Fortunately, however, we have found something – the new home is now on the outskirts of Kanchipuram (some 12 km), in Arpakkam (which can be found with google earth, it is south-east of Kanchipuram, one has to look for „Arpakkam, Kanchipuram“). The new house is located within a building which belongs to RIDE – also a non-profit organization. However, we must now pay 5000 rupees (twice as much as before). It’s all much more roomy, but also quite far out.

The building has a large hall, which is now divided into a girl and a boy room and office. (we put in the divisions with wooden walls), a kitchen, three bathrooms and four toilets Mosquito nets are fitted to the windows and the complex also has a night watchman and has a large garden with trees and other plants. The power supply is good there, and also the provision of water (in Kanchipuram, the situation is worse), and Arpakkam is located on a bus route to Kanchipuram.

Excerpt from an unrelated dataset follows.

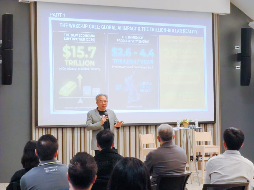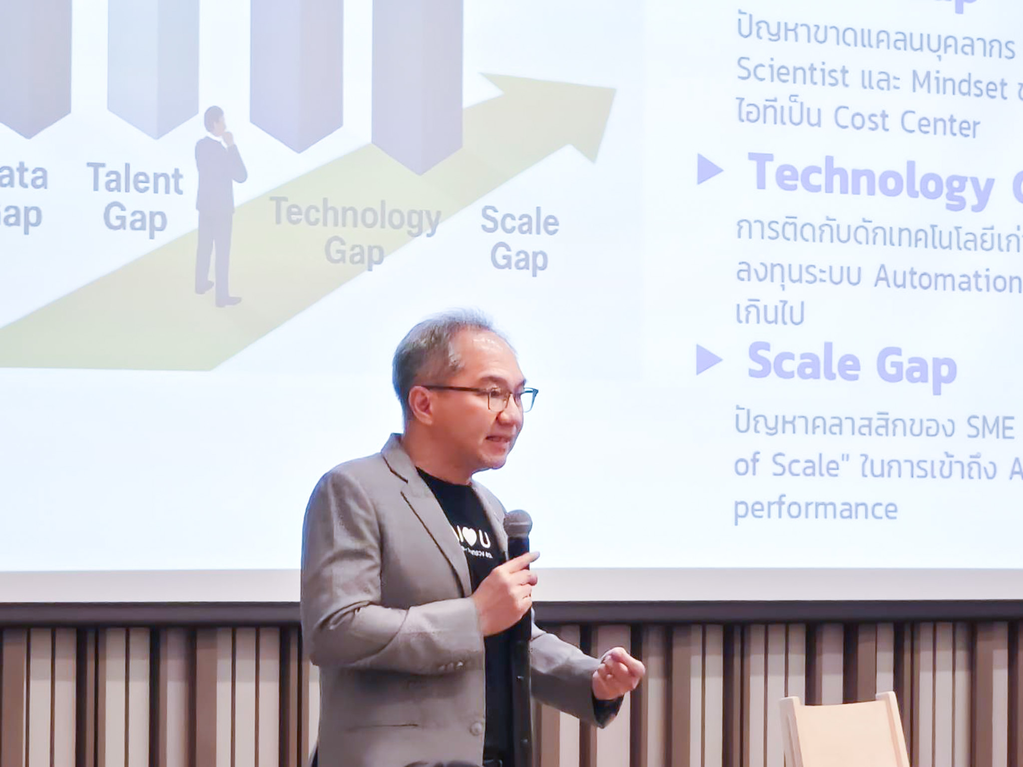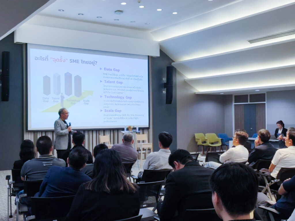 ผู้อำนวยการ สวทช. ได้ชี้ให้เห็นถึงจุดเปลี่ยนครั้งสำคัญของเศรษฐกิจโลกที่ขับเคลื่อนด้วย AI พร้อมเปิดแผนยุทธศาสตร์ปิดจุดอ่อนผู้ประกอบการไทย ด้วยโครงสร้างพื้นฐานและกลไกสนับสนุนที่รัฐลงทุนเตรียมพร้อมไว้ให้แล้ว ซึ่ง SME ที่ปรับตัวใช้ AI จะมีการเติบโตเร็วกว่าคู่แข่งถึง 2 เท่า และมีการจ้างงานเพิ่มขึ้น ในทางกลับกัน หากประเทศไทยไม่เร่งปิดช่องว่างทางเทคโนโลยี เราอาจเสียโอกาสมหาศาล โดยปัจจุบันดัชนีความพร้อมด้าน AI (Government AI Readiness Index 2023) ของไทยอยู่อันดับที่ 37 ของโลก และอันดับ 3 ของอาเซียน ซึ่งยังต้องเร่งพัฒนาโครงสร้างพื้นฐานข้อมูล (Data Infrastructure) เมื่อเทียบกับประเทศผู้นำอย่างสิงคโปร์

The distance also means that the children have fewer visits by the local trust members. The six youngest children had to change school – they have now been removed to the local school about 1.5 km away from the new home. The other kids kept right on their previous schools and are now going there daily by bus to Kanchipuram. We believe that this should not be a permanent solution, because of the long traveling time, and the reduced contact to „the outside world“. But at the moment we will not have much choice but to swallow this toad.

Luckily Mr Shanmugam and Mr Subramaniam took care of everything organizationally. We will soon get pictures  by Mr. Subramaniam that we will publish  here.

Given this situation, we need to now increase our efforts to get financial support from German companies settled near Kanchipuram  – without a sustainable sponsorship the resettlement of the orphanage to Kanchipuram seems to be very difficult.